Autore: KYRIE Titolo album: Le meccaniche del quinto Nazionalità: Italia Etichetta: PMA Records Anno di pubblicazione: 2004
Voto medio: 7 |
Recensito da Donato ZoppoAbbandonati e conosci te stessoGurdjieff e John Lennon. Coltrane e Pirandello. Un derviscio roteante e Robert Smith. Tutte le foto attaccate alla parete dello studio sono più loquaci di mille righe di ringraziamenti. Scienza e filosofia, religione e letteratura, meccanica e ricerca spirituale, gnosi e new wave. Il primo vero album dei Kyrie - primo e vero perchè segue quattro demo - è semplicemente bello. Dopo una teoria di abbozzi e appunti sonori la band milanese riesce a fissare le prorie idee in forma definitiva. Lo fa con capacità, fascino, suggestione.
E' un sound new wave, fortemente anni '80, con variazioni e integrazioni in corso d'opera, che procede espandendosi: The Cure, Ultravox e Litfiba incontrano Battiato, Cosentino e Camisasca. Un sound proiettato nel futuro: un futuro in cui la ricerca personale, intima, profonda, passa per ricordi, flash della memoria, intuizioni, ipotesi, sincretismo e interdisciplinarietà.

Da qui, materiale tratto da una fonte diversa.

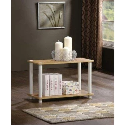 Be space efficient, organize your essentials, and add simple style into any room of your home with the Furinno Turn-N-Tube Rectangular Shelf End Tables. These modern end tables stand 15.9 inches tall and can hold fun decor items, garden plants, or can be used to store magazines and books beside the sofa. Use these stylish, versatile shelving units in your living room or bedroom to help keep your essentials organized and at arm’s length away. Designed with round edges, these beech and white end tables are constructed with beautiful, sleek composite wood and prevent snaps or scratches when walking by. The main parts of Furinno products are constructed from particleboard that is sourced from Malaysia and made of recycled materials from rubber trees, recyclable PVC tubes, and non-woven bits that are all environmentally friendly. Have your favorite items out for display and organized neatly on the Turn-N-Tube 2-Tier Rectangular Shelf End Tables from Furinno.

Rock d'autore gnostico, ci piacerebbe chiamarlo così: facciamo un torto ai Kyrie ma è un termine meno riduttivo e rende il merito al quintetto, che ha saputo concentrare riflessioni e musica come raramente accade in un primo disco.

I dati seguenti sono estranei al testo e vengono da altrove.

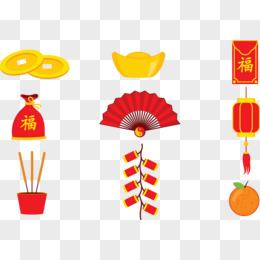 灯笼鞭炮金元宝铜钱等设计矢量素材,

L'art rock dei cinque è grigio, poetico, introspettivo. Il libretto è agile guida ma anche di più: block notes per testi e foto, continui rimandi come in un gioco di specchi. Un susseguirsi di immagini evocate con una capacità simile a quella del Battiato del "Cinghiale bianco".

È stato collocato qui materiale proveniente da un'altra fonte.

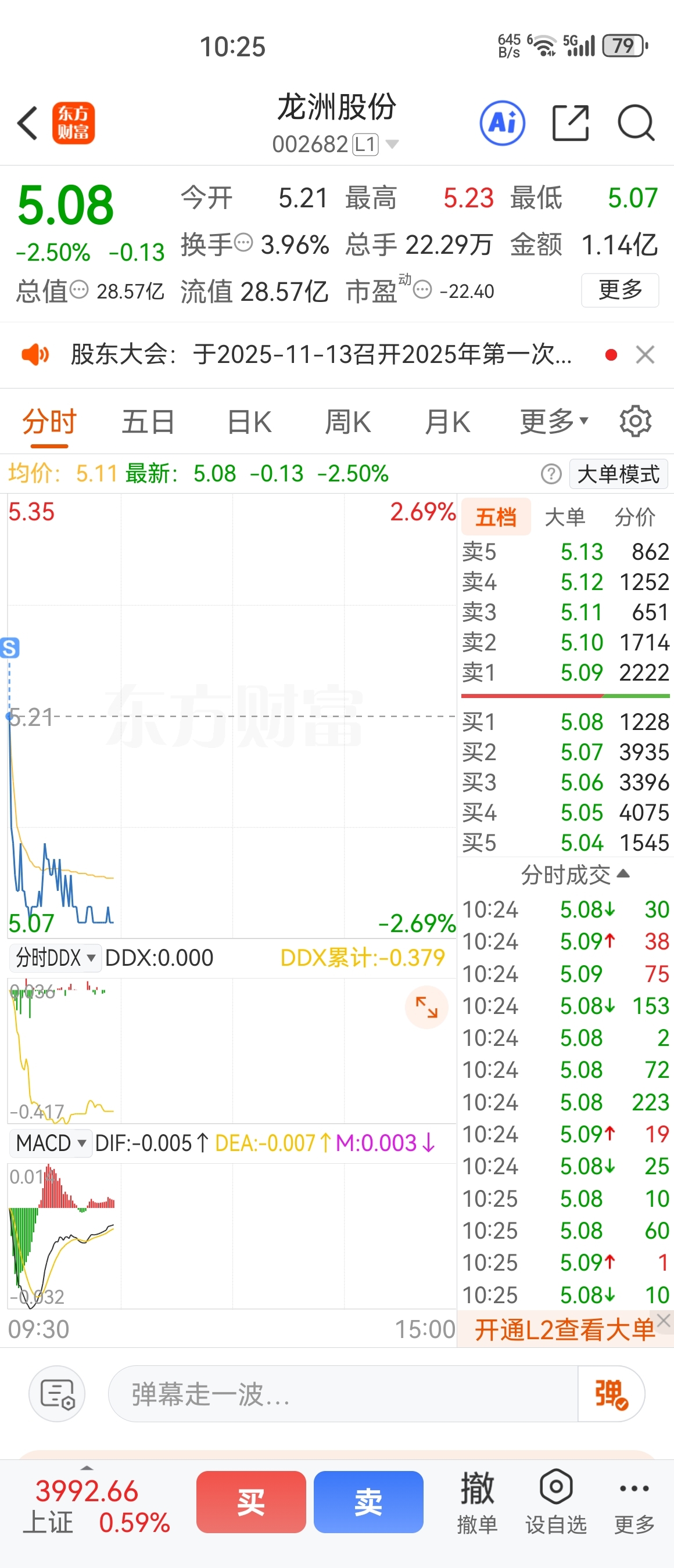 $龙洲股份(SZ002682)$ 今天已跑,可以跌了

"Lipsia 1933" e "Quello che non vedo" stendono un velo di tristezza, dark rock scarno che si gonfia di tastiere ariose; il gioiello è però "Rifugi culturali", vero manifesto del gruppo. Un sound dalle pieghe un po' demodè, in bianco e nero sgualcito come vecche foto in circolo nel fondo di un baule.
New wave dicevamo: certo un brani incalzante e ombroso come "L'uomo macchina" è debitore di un'epoca e di una filosofia del suono, eppure crediamo che sia il più adatto a rivelare il pensiero della band. Un pensiero che viaggia su binari singolari, tra dark wave, accenni cameristici e contemplazione. Eppure i fans del progressivo troveranno qualche lontana assonanza con le Orme di fine anni '70, ad esempio nell'atmosfera un po' sospesa di "Ritiro estivo" ("Rinascimentale il mio modo di cercare tra le cose", rifletteteci un po') e nelle meditative brume di "Nimloth Kirloth", tra i cui veli si intravede qualche figura beatlesiana.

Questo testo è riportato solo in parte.